■ **What you need to do**
The output should match, line for line, the records from the line containing "Foto 1 : Penggunaan" through the line containing "Abb. 5 Einige", with every picture left out.

===== Data =====

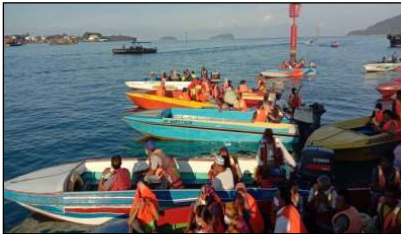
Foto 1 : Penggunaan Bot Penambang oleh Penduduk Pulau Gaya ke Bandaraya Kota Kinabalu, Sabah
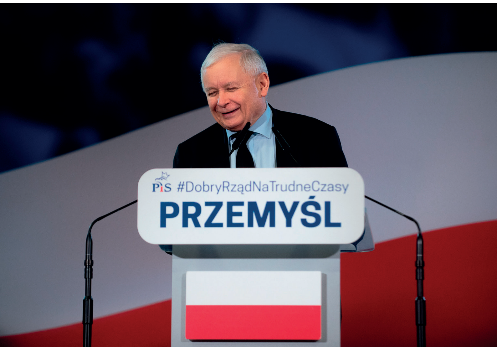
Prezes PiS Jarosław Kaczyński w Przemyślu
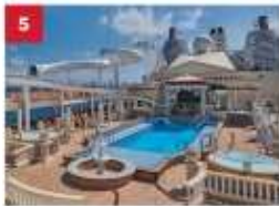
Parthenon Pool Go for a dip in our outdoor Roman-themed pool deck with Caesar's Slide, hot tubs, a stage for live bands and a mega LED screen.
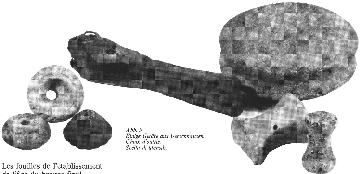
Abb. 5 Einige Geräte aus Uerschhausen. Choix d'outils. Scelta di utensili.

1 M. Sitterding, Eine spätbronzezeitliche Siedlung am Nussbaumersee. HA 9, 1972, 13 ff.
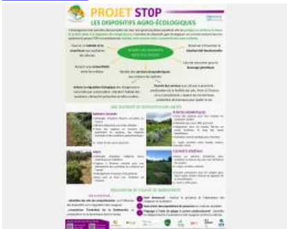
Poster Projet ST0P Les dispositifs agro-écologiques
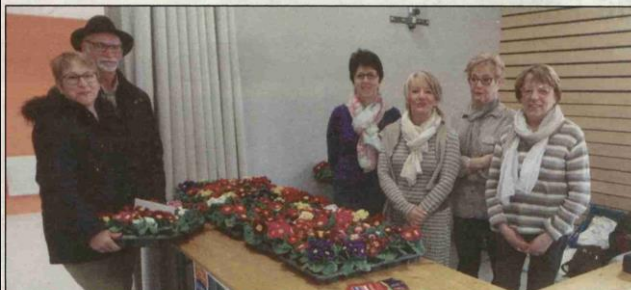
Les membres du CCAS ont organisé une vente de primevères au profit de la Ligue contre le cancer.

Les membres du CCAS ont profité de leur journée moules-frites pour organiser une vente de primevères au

=====
===== Data =====

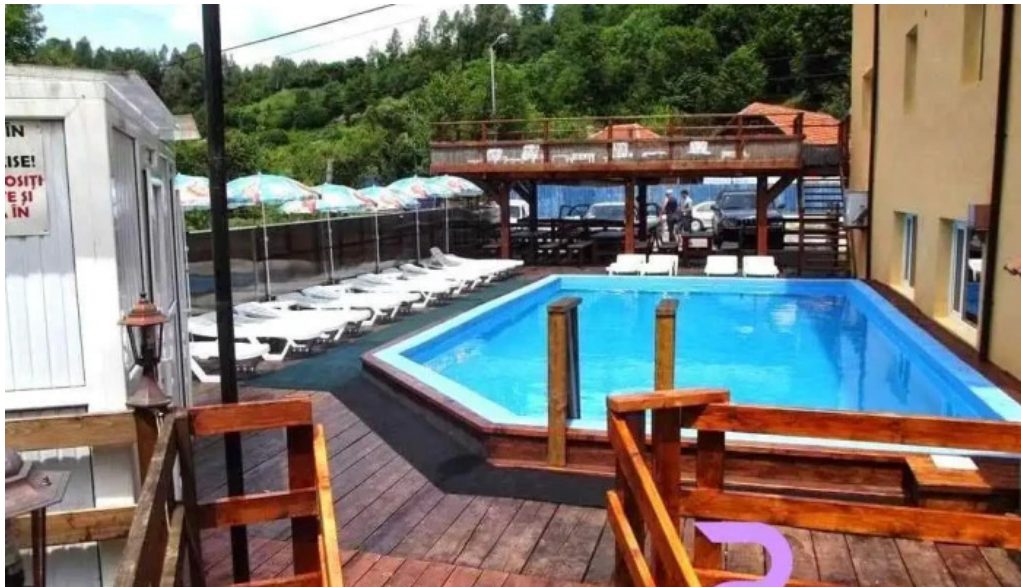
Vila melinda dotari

=====
===== Data =====

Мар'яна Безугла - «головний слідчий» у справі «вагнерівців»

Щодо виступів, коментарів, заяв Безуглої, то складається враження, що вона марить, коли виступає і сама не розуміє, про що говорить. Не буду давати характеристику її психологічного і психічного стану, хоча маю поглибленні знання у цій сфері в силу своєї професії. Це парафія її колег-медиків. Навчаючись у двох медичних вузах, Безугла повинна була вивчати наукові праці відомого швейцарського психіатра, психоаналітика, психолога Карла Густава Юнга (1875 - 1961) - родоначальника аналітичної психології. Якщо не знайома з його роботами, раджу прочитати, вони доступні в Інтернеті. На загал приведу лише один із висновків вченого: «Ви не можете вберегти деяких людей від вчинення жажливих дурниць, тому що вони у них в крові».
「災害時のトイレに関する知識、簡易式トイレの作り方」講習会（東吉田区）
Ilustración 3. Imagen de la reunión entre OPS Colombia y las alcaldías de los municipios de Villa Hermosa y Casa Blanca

=====

■ **Result**
Foto 1 : Penggunaan Bot Penambang oleh Penduduk Pulau Gaya ke Bandaraya Kota Kinabalu, Sabah
Prezes PiS Jarosław Kaczyński w Przemyślu
Parthenon Pool Go for a dip in our outdoor Roman-themed pool deck with Caesar's Slide, hot tubs, a stage for live bands and a mega LED screen.
Abb. 5 Einige Geräte aus Uerschhausen. Choix d'outils. Scelta di utensili.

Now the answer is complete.